What you are asked to do
Your copy should hold the lines below from the first through the one that contains "Сегодня в Орском", each retyped exactly, and no pictures.

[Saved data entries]
= = =
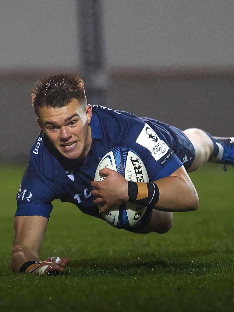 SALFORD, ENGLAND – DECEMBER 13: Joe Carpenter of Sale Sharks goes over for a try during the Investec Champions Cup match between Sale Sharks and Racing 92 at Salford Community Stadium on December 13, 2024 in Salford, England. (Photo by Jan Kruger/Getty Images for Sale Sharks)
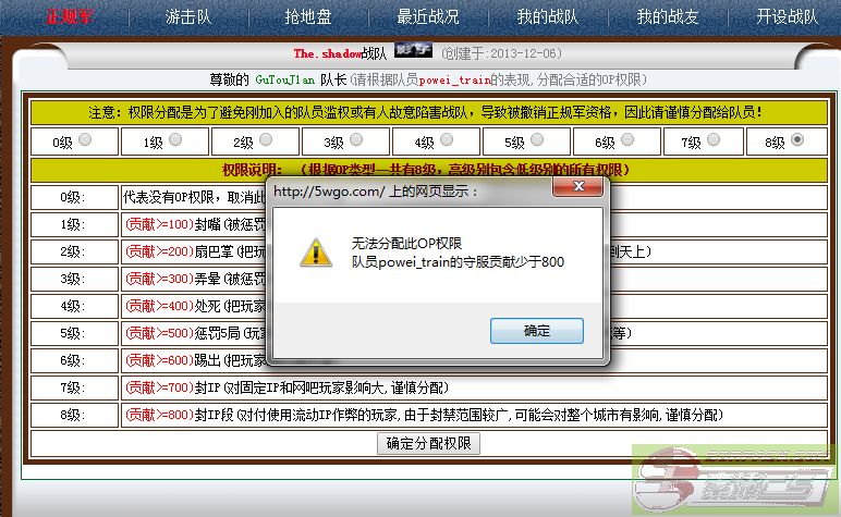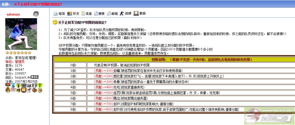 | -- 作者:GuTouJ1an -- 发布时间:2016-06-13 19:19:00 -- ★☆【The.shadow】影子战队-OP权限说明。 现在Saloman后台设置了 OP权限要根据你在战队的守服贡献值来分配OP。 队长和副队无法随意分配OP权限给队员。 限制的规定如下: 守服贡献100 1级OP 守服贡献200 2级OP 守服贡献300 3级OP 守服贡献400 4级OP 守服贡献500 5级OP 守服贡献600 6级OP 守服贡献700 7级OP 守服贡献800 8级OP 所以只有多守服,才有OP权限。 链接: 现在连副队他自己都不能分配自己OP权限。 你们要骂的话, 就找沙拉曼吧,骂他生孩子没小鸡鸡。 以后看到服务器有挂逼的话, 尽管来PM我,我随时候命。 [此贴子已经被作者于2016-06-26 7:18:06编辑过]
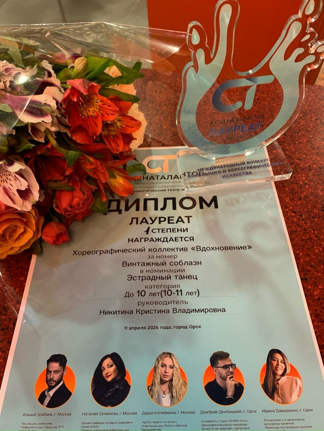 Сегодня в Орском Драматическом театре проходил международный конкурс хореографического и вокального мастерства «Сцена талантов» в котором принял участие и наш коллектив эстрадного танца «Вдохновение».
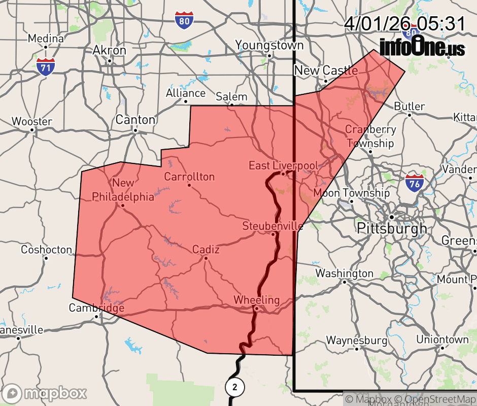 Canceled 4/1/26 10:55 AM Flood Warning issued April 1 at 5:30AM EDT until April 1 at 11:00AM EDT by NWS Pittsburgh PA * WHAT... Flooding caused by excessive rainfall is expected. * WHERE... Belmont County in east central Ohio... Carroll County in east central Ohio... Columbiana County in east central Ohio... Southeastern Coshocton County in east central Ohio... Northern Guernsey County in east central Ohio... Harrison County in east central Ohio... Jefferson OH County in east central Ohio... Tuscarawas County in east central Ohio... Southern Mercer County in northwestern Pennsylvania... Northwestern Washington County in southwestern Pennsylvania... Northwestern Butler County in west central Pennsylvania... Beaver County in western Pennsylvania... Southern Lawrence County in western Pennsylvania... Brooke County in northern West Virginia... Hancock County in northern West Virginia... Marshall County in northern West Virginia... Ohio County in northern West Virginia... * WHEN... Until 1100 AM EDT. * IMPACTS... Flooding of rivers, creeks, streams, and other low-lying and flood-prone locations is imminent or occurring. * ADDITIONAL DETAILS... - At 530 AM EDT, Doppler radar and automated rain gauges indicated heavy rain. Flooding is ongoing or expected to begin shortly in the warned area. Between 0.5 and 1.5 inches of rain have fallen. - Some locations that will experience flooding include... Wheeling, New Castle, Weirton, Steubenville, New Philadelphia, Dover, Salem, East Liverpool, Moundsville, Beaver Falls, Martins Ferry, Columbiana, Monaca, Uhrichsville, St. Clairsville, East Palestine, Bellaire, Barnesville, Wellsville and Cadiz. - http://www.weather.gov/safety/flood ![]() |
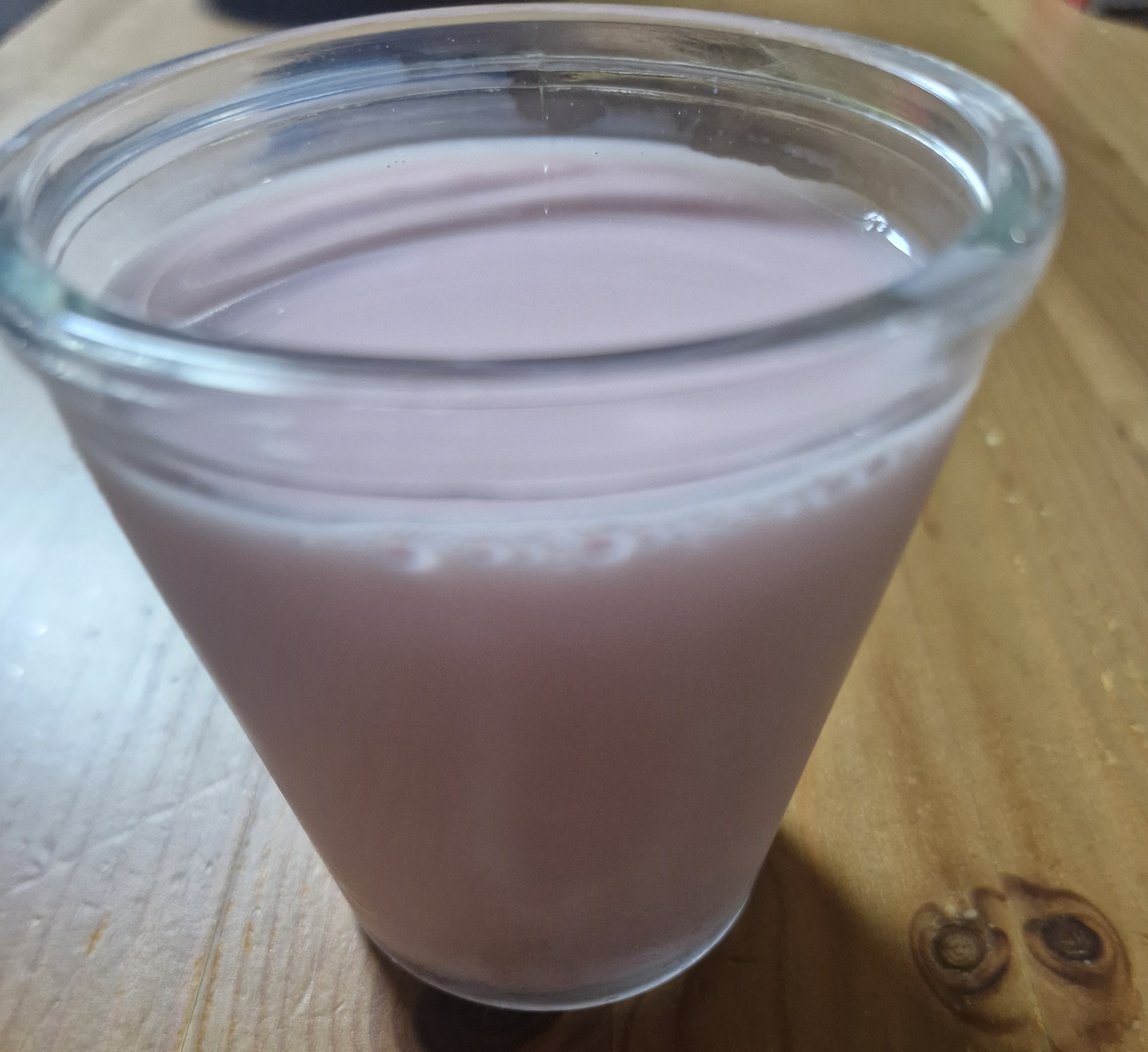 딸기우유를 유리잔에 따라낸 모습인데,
= = =
Answer box
 SALFORD, ENGLAND – DECEMBER 13: Joe Carpenter of Sale Sharks goes over for a try during the Investec Champions Cup match between Sale Sharks and Racing 92 at Salford Community Stadium on December 13, 2024 in Salford, England. (Photo by Jan Kruger/Getty Images for Sale Sharks)
 | -- 作者:GuTouJ1an -- 发布时间:2016-06-13 19:19:00 -- ★☆【The.shadow】影子战队-OP权限说明。 现在Saloman后台设置了 OP权限要根据你在战队的守服贡献值来分配OP。 队长和副队无法随意分配OP权限给队员。 限制的规定如下: 守服贡献100 1级OP 守服贡献200 2级OP 守服贡献300 3级OP 守服贡献400 4级OP 守服贡献500 5级OP 守服贡献600 6级OP 守服贡献700 7级OP 守服贡献800 8级OP 所以只有多守服,才有OP权限。 链接: 现在连副队他自己都不能分配自己OP权限。 你们要骂的话, 就找沙拉曼吧,骂他生孩子没小鸡鸡。 以后看到服务器有挂逼的话, 尽管来PM我,我随时候命。 [此贴子已经被作者于2016-06-26 7:18:06编辑过]
 Сегодня в Орском Драматическом театре проходил международный конкурс хореографического и вокального мастерства «Сцена талантов» в котором принял участие и наш коллектив эстрадного танца «Вдохновение».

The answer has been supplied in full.